__Task statement__:
Print out the data that follows exactly, character for character, apart from the pictures.

++++ Records for this task ++++

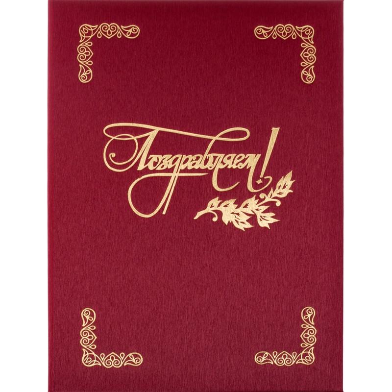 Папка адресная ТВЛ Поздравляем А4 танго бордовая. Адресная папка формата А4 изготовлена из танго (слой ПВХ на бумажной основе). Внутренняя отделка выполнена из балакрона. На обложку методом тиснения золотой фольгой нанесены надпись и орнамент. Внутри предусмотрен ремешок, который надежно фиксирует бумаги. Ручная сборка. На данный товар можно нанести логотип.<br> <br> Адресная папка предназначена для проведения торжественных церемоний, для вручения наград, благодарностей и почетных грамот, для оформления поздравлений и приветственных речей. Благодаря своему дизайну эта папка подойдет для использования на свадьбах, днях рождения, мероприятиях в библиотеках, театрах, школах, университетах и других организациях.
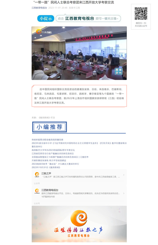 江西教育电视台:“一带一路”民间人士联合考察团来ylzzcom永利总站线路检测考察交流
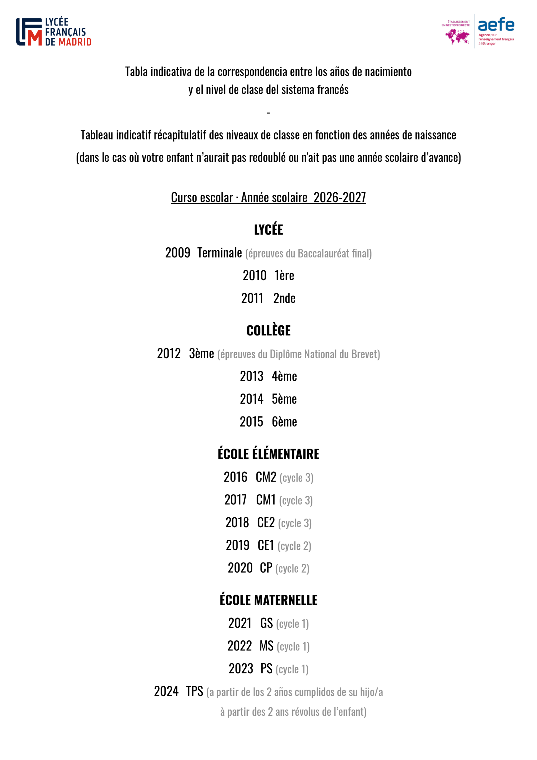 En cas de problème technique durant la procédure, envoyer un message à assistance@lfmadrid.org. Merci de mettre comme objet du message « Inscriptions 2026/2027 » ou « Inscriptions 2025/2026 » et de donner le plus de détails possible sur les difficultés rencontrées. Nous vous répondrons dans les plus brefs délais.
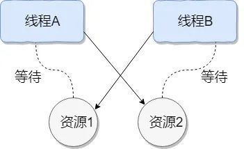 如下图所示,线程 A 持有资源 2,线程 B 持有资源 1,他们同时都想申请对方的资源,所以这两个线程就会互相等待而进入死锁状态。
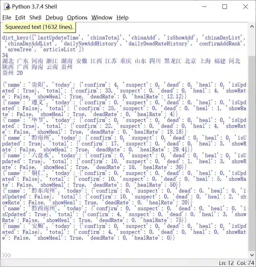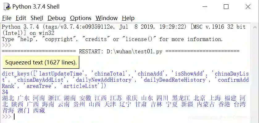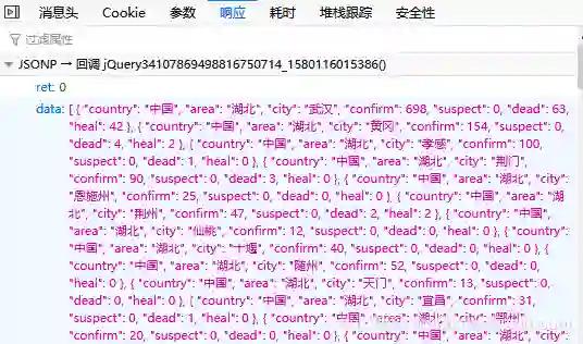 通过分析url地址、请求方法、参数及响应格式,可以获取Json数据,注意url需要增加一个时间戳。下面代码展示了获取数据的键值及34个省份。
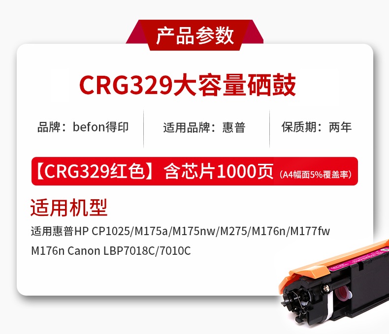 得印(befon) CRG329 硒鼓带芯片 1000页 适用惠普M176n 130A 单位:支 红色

++++

__Answer to the problem__:
 Папка адресная ТВЛ Поздравляем А4 танго бордовая. Адресная папка формата А4 изготовлена из танго (слой ПВХ на бумажной основе). Внутренняя отделка выполнена из балакрона. На обложку методом тиснения золотой фольгой нанесены надпись и орнамент. Внутри предусмотрен ремешок, который надежно фиксирует бумаги. Ручная сборка. На данный товар можно нанести логотип.<br> <br> Адресная папка предназначена для проведения торжественных церемоний, для вручения наград, благодарностей и почетных грамот, для оформления поздравлений и приветственных речей. Благодаря своему дизайну эта папка подойдет для использования на свадьбах, днях рождения, мероприятиях в библиотеках, театрах, школах, университетах и других организациях.
 江西教育电视台:“一带一路”民间人士联合考察团来ylzzcom永利总站线路检测考察交流
 En cas de problème technique durant la procédure, envoyer un message à assistance@lfmadrid.org. Merci de mettre comme objet du message « Inscriptions 2026/2027 » ou « Inscriptions 2025/2026 » et de donner le plus de détails possible sur les difficultés rencontrées. Nous vous répondrons dans les plus brefs délais.
 如下图所示,线程 A 持有资源 2,线程 B 持有资源 1,他们同时都想申请对方的资源,所以这两个线程就会互相等待而进入死锁状态。
 通过分析url地址、请求方法、参数及响应格式,可以获取Json数据,注意url需要增加一个时间戳。下面代码展示了获取数据的键值及34个省份。
 得印(befon) CRG329 硒鼓带芯片 1000页 适用惠普M176n 130A 单位:支 红色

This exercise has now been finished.